C. Thayer's Greek-English Lexicon of the New Testament says, "The word translated `passover' and the one used in Acts 12:4 is `pascha' meaning `a passing over.' It is used with reference to the paschal feast, the feast of passover."

D. The Encyclopedia Britannica, 14th Ed. (Vol. II, p. 859), says, "There is no indication of the observance of the Easter festival in the New Testament or in the writings of the apostolic fathers. The sanctity of special times was an idea absent from the minds of the first Christians." In apostolic times, the Christians commemorated their Lord's resurrection every Sunday by meeting on that day for worship. When Paul refers to Christ as "our passover" (1 Cor. 5:7), his language is metaphorical and cannot be regarded as containing any allusion to a church function (A Dictionary of Religion and Ethics, p. 140).

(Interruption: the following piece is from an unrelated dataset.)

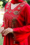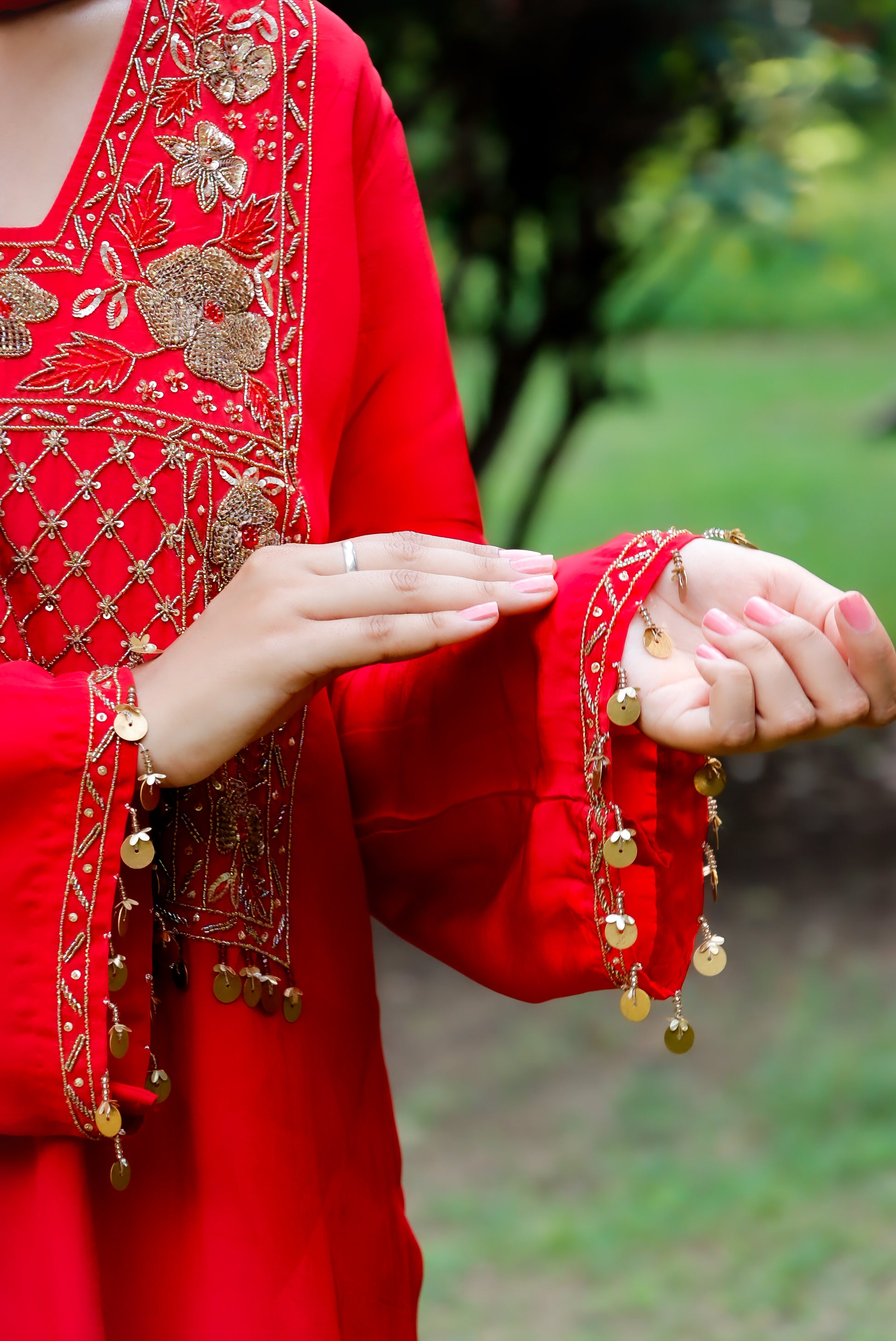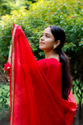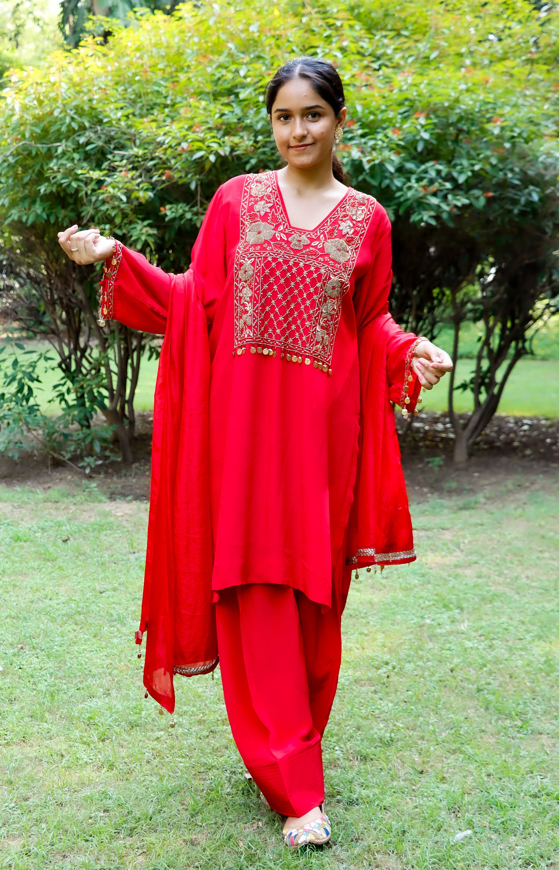Radiate timeless elegance in this Red Crepe Silk Suit, crafted to perfection for festive occasions. The kurta features delicate work on the neckline, adding a refined touch of artistry. Playful tassels on the sleeves and dupatta lend a charming festive flair. The set is paired with a luxurious Tabby Silk dupatta, known for its soft texture and subtle sheen, enhancing the overall richness of the ensemble. Completing the look is a Farsi-style salwar, offering comfort with a traditional twist.

Acceptance of the scriptures as inspired of God demands rejection of the uninspired words of men. To entertain the popular opinion that the Bible does not contain all that God would have us know on this or any other Bible subject is to reject it as incomplete (Jas. 1:25) and the ultimate end is that we will be found adding to it or taking from it, condemning ourselves forever (Rev. 22:18-19).

When I see men, often known sinners, dress themselves in robes to portray the Son of God, I am sickened to disgust and am reminded "to remember the words which were spoken before of the apostles of our Lord Jesus Christ; how that they told you there should be mockers in the last time, who would walk after their own ungodly lusts" (Jude 17-18). Paul said, "Let no man therefore judge you in meat, or in drink, or in respect of an holy day, or of the new moon, or of the sabbath days: which are a shadow of things to come; but the body is of Christ" (Col. 2:16-17).

In closing, let us earnestly and fearfully take heed to the word of God through Jeremiah: "Thus saith the Lord, stand ye in the ways, and see, and ask for the old paths, where is the good way, and walk therein and ye shall find rest for your souls" (Jer. 6:16). Easter began too late, and is without the authority of God.